1) Consumption rooms i.e. safe smoking and injecting spaces. The decriminalisation reform included provisions for consumption rooms, but the dissonance between policy and practice has meant they haven’t been implemented in Portugal. José speculates this may be the combined result of the Mayors of Portugal’s two main cities lacking the political courage necessary to push on the issue against overt moralistic naysayers and NGOs lacking the self-confidence and knowledge of such services. Anti-stigma/discrimination education and consciousness-raising could do a lot to shape how consumption rooms are perceived by the public, because it is an evidence-based service that improves the health and quality of life for people who use drugs.

2) Naloxone is not available in Portugal, which really shocked me. This will happen and, most likely, within two years (just assert it with confidence, you’re backed by reason and common sense, she tells herself). Why hasn’t it been rolled out? There’s no significant politicised or moralistic opposition to the life-saving opiate-antagonist being introduced; it’s Dollar $ign$ pretty much, but prevention is better [cheaper] than a cure and easily avoidable overdoses are tragedies (See EMCCDA report on overdoses).

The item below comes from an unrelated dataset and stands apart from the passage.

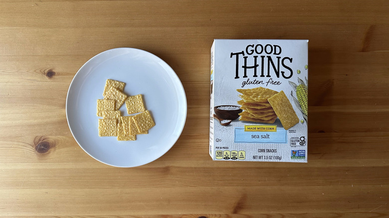One bite of these, and you'll feel like you're digging into a bag of crispy cornbread. The buttery, bread-y, sweet corn flavor is out of this world, and it's complemented by the addition of plenty of salt. The small size of these crackers means they're better suited for dipping instead of stacking, but honestly, they taste so good on their own that you may simply prefer to enjoy them without anything else. Gluten-free or not, this is a cracker brand you absolutely need to seek out, and was only bested by a single brand.

3) Needle & Syringe Programs (NSP) do not exist in Portuguese prisons. Like with consumption rooms, Portugal’s 2001 drug policy reform included a proviso for NSPs in prisons. But the implementation of NSPs in custodial settings has been used as leverage by prison unions protesting for higher pay rates for prison staff. It’s argued their role involves higher risk if the service exists. There is also opposition from non-injecting inmates. José commented that the ‘official’ and dominant argument that is proliferated is that ‘there is no drug use in prisons’ and to introduce NSPs would be tantamount to an admission. With the Vanguarda project, Apdes is allowed to perform harm reduction education though safer injecting etc. Education may be more palatable and still life-saving, but subject to impotence in the absence of practical tools (i.e. it’s safer to inject when you’re using sterile equipment)! José suggested a civil society NGO could be successful in gaining ground on this issue by conducting research on HCV incidences in prisons and using the findings to pressurise for reform.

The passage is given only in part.